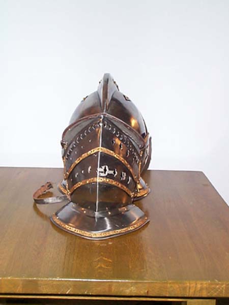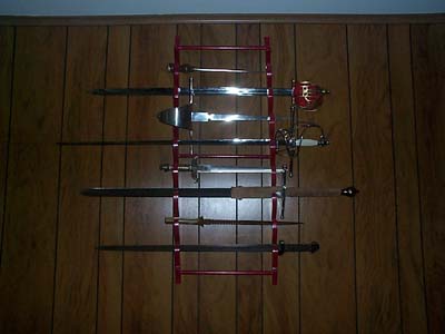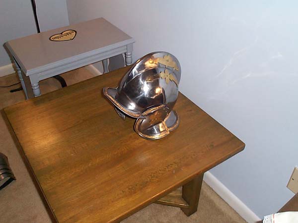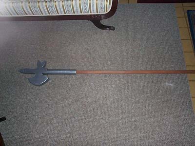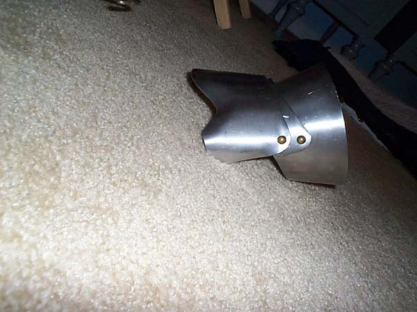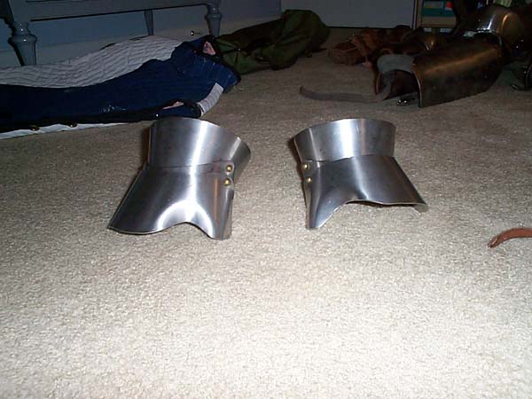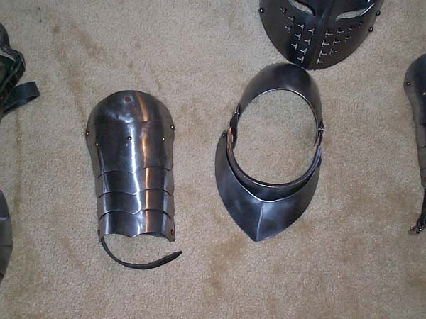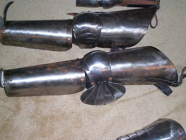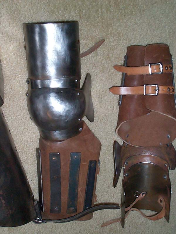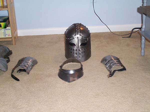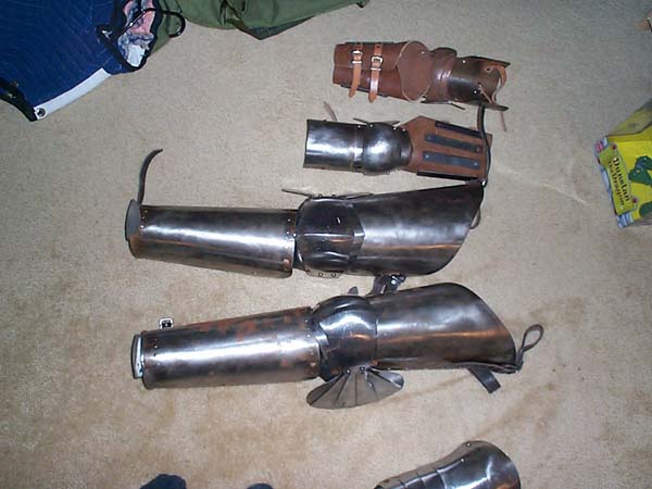 Here are several pictures of my armour which I need to finish working on before I am ready to go off and do battle. Most of this armour is for Heavy Combat using rattan cudgels, but I am also have some armour for Light Combat using shinia swords and padded polearms. Helmet, Gorget, and Spaulders. Helmet, Gorget, and Spaulders. 2 Coat of Plates. (And yes those are street signs) My Armour. (Minus helmet and gauntlets) Light Armoured Combat Polearms. Some Pictures I took at the Leeds Armoury in England |
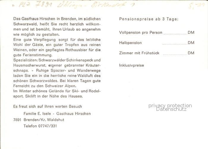 72354562 Brenden uehlingen-Birkendorf Gasthaus Pension Zum Hirschen postalisch nicht gelaufen Werbekarte (keine Postkarte) Erhaltung siehe scans KatCode: 11110008337128
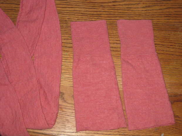 3. cortar las mangas de la chompa. Mida con su propio brazo haciendo Asegúrese de dejar suficiente longitud para el pun ¢ o del doblez (donde van los dedos) por la mitad y un poco extra para doblar sobre el brazo, tanto o tan poco como desee.
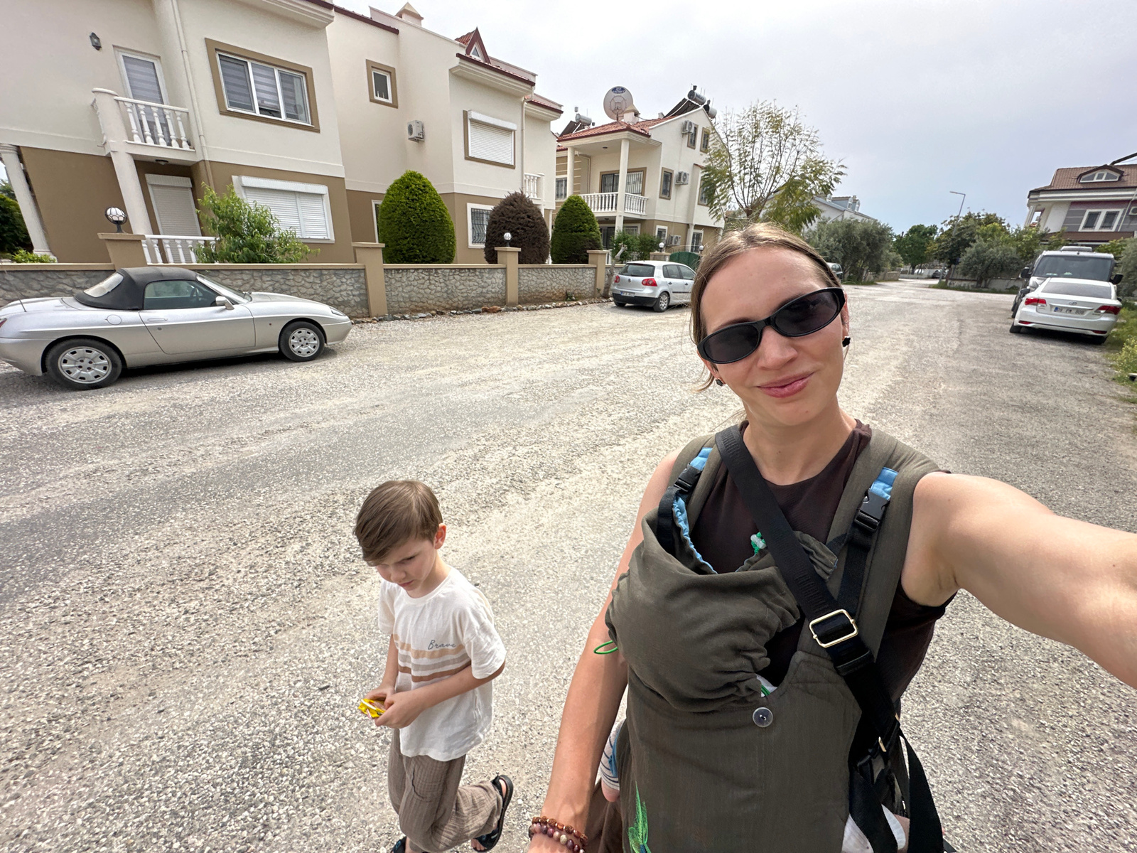 A street scene captures a woman holding a smartphone, posing for a selfie with a young boy walking beside her. The woman wears sunglasses and carries a baby in a green front carrier with black straps.…read more

--------

**Instructions to follow:**
An exact transcription of the listing is required, and it must contain no pictures.

**Solution for this exercise:**
 Here are several pictures of my armour which I need to finish working on before I am ready to go off and do battle. Most of this armour is for Heavy Combat using rattan cudgels, but I am also have some armour for Light Combat using shinia swords and padded polearms. Helmet, Gorget, and Spaulders. Helmet, Gorget, and Spaulders. 2 Coat of Plates. (And yes those are street signs) My Armour. (Minus helmet and gauntlets) Light Armoured Combat Polearms. Some Pictures I took at the Leeds Armoury in England |
 72354562 Brenden uehlingen-Birkendorf Gasthaus Pension Zum Hirschen postalisch nicht gelaufen Werbekarte (keine Postkarte) Erhaltung siehe scans KatCode: 11110008337128
 3. cortar las mangas de la chompa. Mida con su propio brazo haciendo Asegúrese de dejar suficiente longitud para el pun ¢ o del doblez (donde van los dedos) por la mitad y un poco extra para doblar sobre el brazo, tanto o tan poco como desee.
 A street scene captures a woman holding a smartphone, posing for a selfie with a young boy walking beside her. The woman wears sunglasses and carries a baby in a green front carrier with black straps.…read more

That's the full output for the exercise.